Min. Common Mode Input MOS Diff Pair with Current Mirror

Thread Starter


Joined Sep 13, 2010
See first figure attached for problem statement.

I've solved everything in this circuit, I just have some confusion about solving \(V_{CMmin}\) when I have a current mirror acting as my current source connected to the sources of Q1 and Q2.

Usually when I have this setup with an ideal current source instead of a current mirror I can solve for \(V_{CMmin}\) by writing a KVL from the common mode input down to the -Vss.

Like so,

\(V_{CMmin} = V_{GS} + V_{CS} - V_{SS}\)

Where \(V_{CS}\) is the minimum voltage required across the current source.

(See 2nd figure attached for example)

How do I do this now with my current mirror in place?

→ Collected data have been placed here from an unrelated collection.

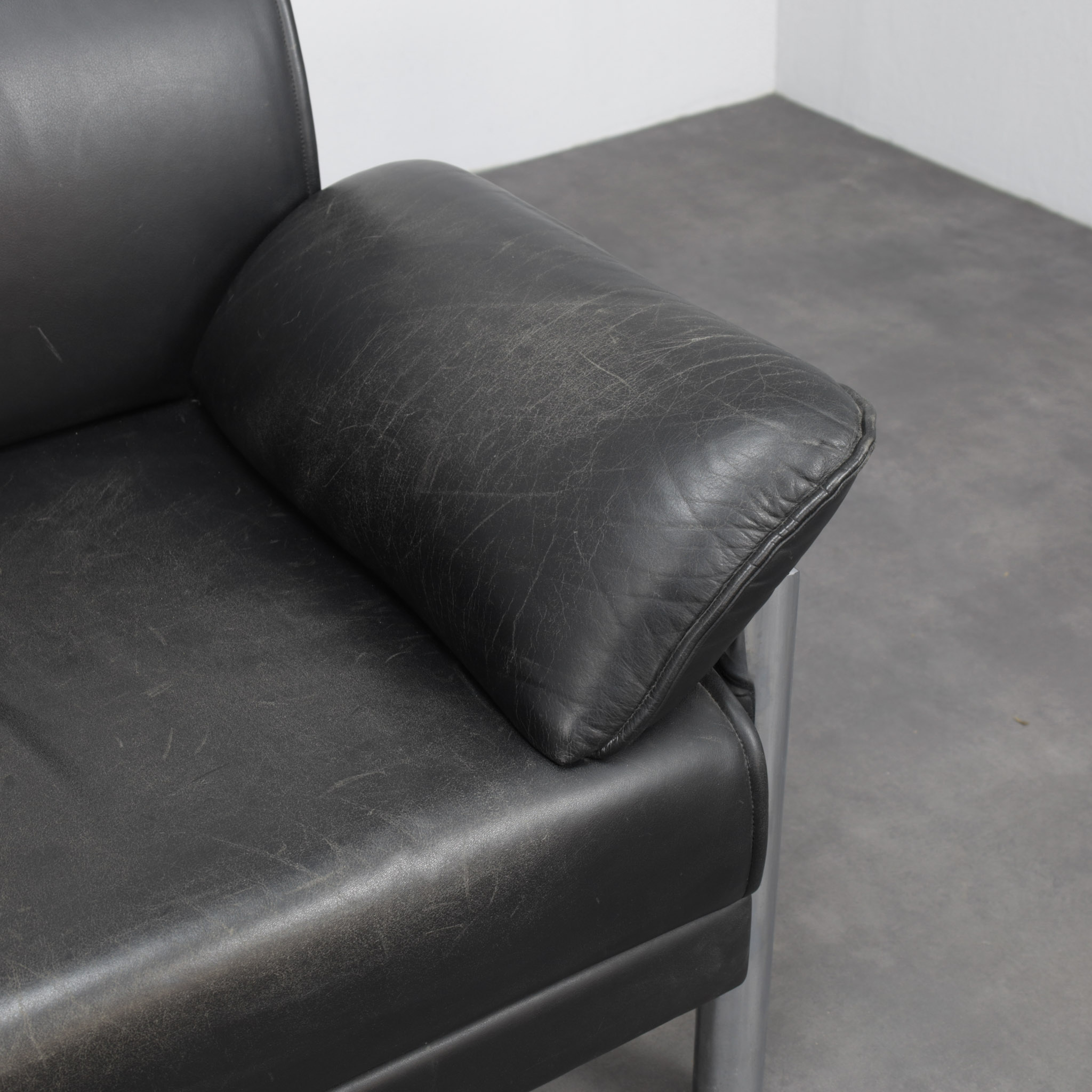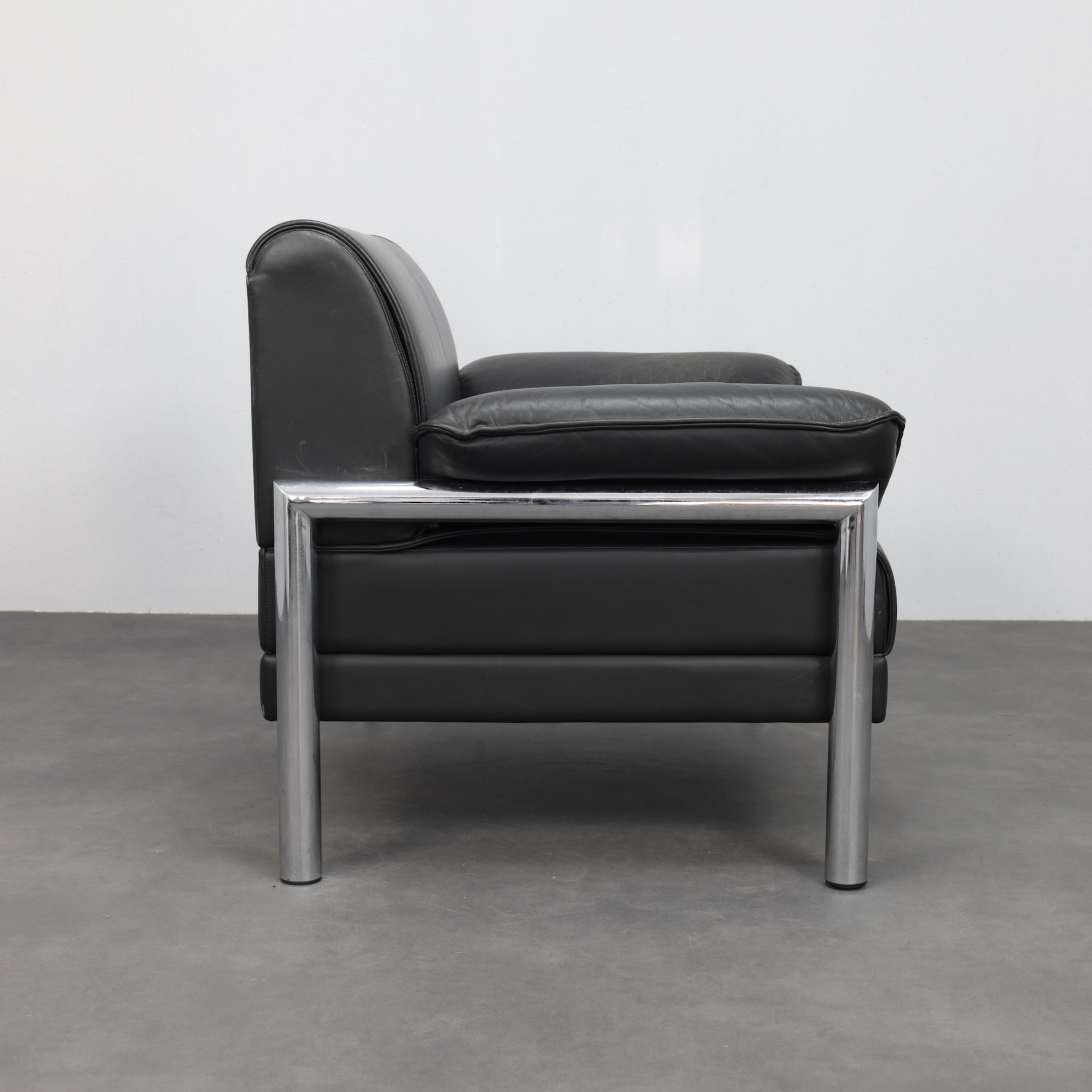 The softly padded seat, backrest, and arm cushions offer a relaxed, lounge-oriented comfort, while the exposed chromed metal legs give the chair a distinctly modern edge. This balance between softness and structure is characteristic of Italian design from the late twentieth century, where comfort was elevated through sculptural form and high-quality materials.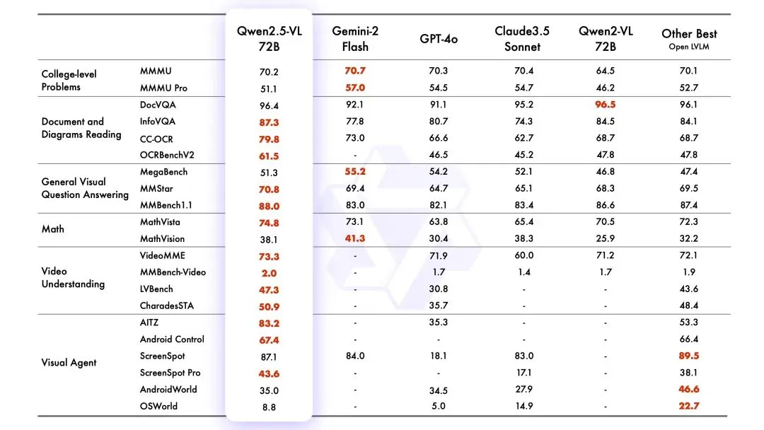 本次开源的 Qwen2.5-VL 模型,我们推出 3B、7B 和 72B 三个尺寸版本。其中,旗舰版Qwen2.5-VL-72B在13项权威评测中夺得视觉理解冠军,全面超越GPT-4o与Claude3.5。新的Qwen2.5-VL能够更准确地解析图像内容,突破性地支持超1小时的视频理解,无需微调就可变身为一个能操控手机和电脑的AI视觉智能体(Visual Agents),实现给指定朋友送祝福、电脑修图、手机订票等多步骤复杂操作。
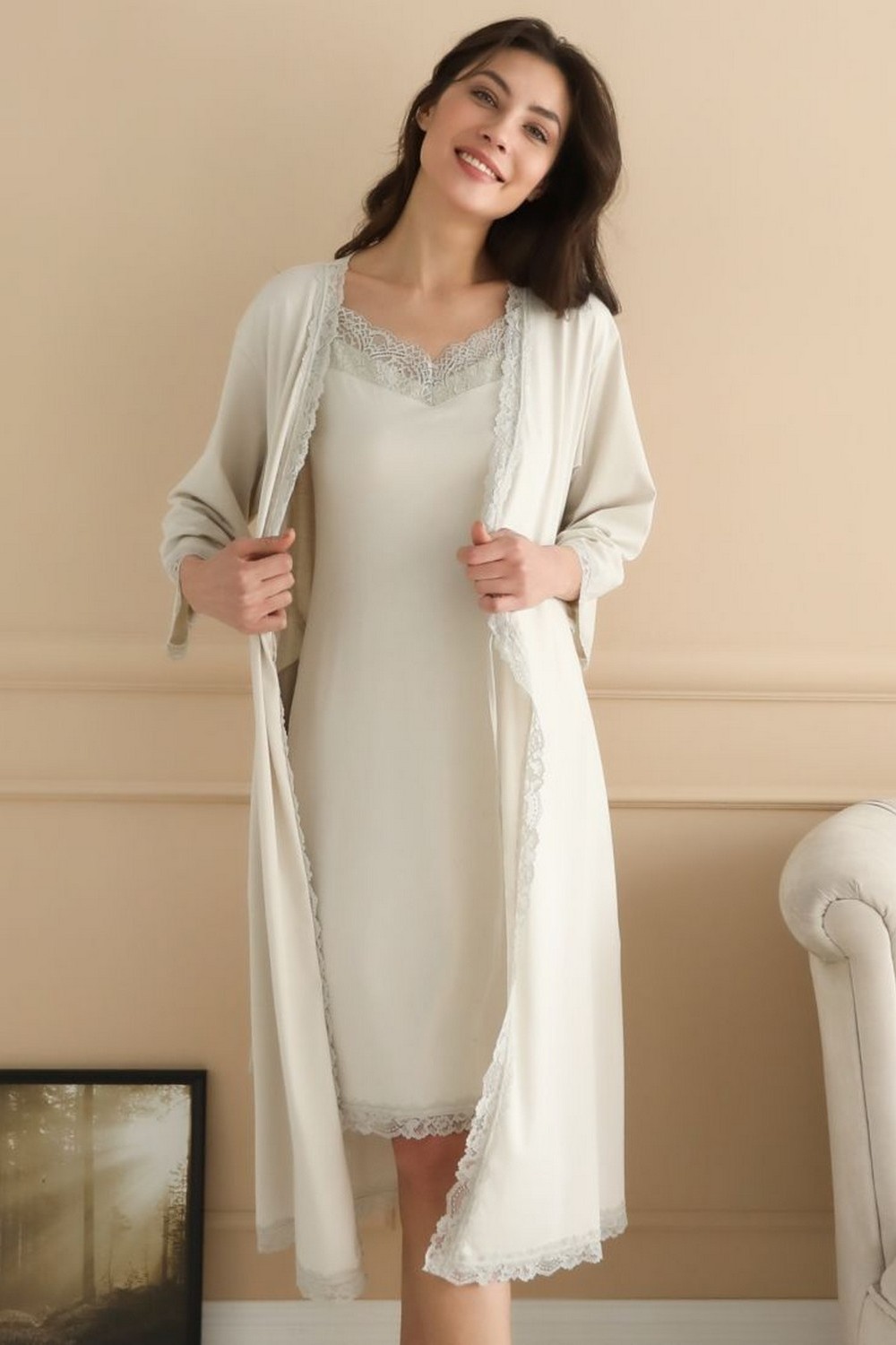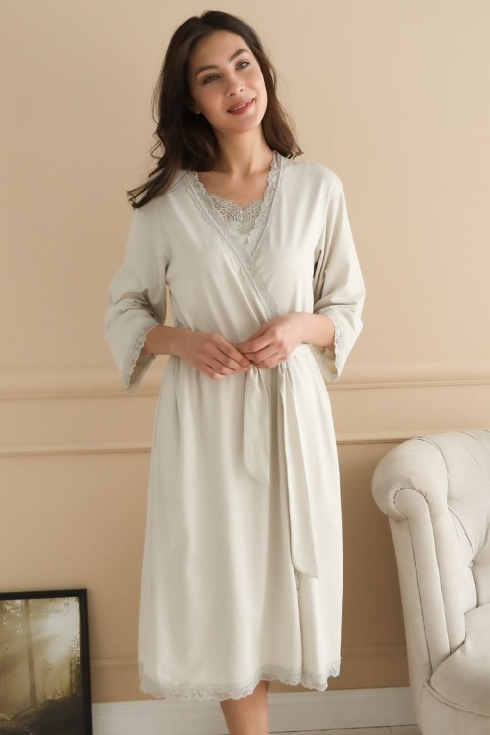 Код: 00101751 Коллекция: Cane Артикул: 75053 Состав полный: Модал 50%, Хл 50% Название: Халат жен,75053,-(светло-серый,сер-св,,), (52-170) Размер: 52 Рост: 170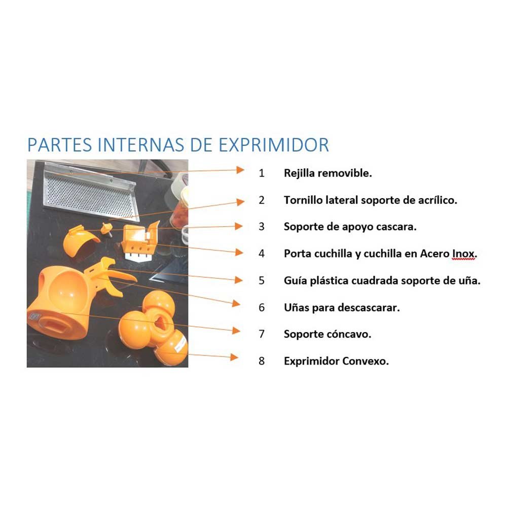 • La máquina de zumos industrial con cubierta transparente y cuerpo en acero inoxidable  es lo más recomendado por nuestros expertos por ser capaz de digerir una gran cantidad de trabajo. Exprimidor de naranjas (escoger del mismo tamaño) eficiente y máxima exigencia.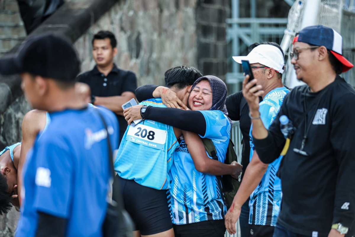 Momen haru Sindu saat dihibur oleh teman seperjuangannya berhasil tertangkap kamera.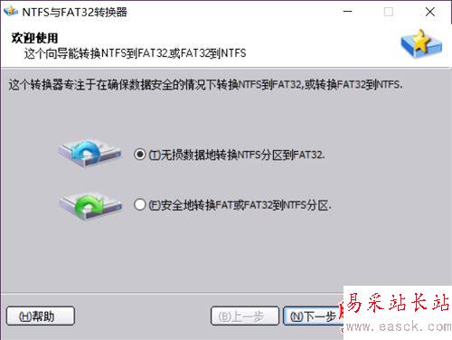 在彈出新界面中,選擇要進行轉換的方式。老司機的需求是從FAT32轉換到NTFS,勾選第二項即可。第一項的作用大多是需要磁盤放到Linux系統中使用。

It looks as though my \("V_{CS}"\) is going to be replaced by the voltage \(V_{DS3}.\)

Computing \(V_{DS3}\),

First note that,

\(V_{GS} = -V_{S}\)

Where \(V_{S}\) is the voltage at the source of Q1 and Q2.

\(-V_{S} - V_{t} = V_{ov}\)

\(V_{S} = -V_{ov} - V_{t} = -0.7V\)


\(V_{DS3} = V_{S} + V_{SS} = 0.5V\)

Now writing my KVL,

\(V_{CMmin} = V_{GS} + V_{DS3} - V_{SS} = 0V\)

I'm not entirely sure if my reasoning is correct so if somebody could point out any mistakes or confusions I'm having it would be greatly appreciated.

Thanks again!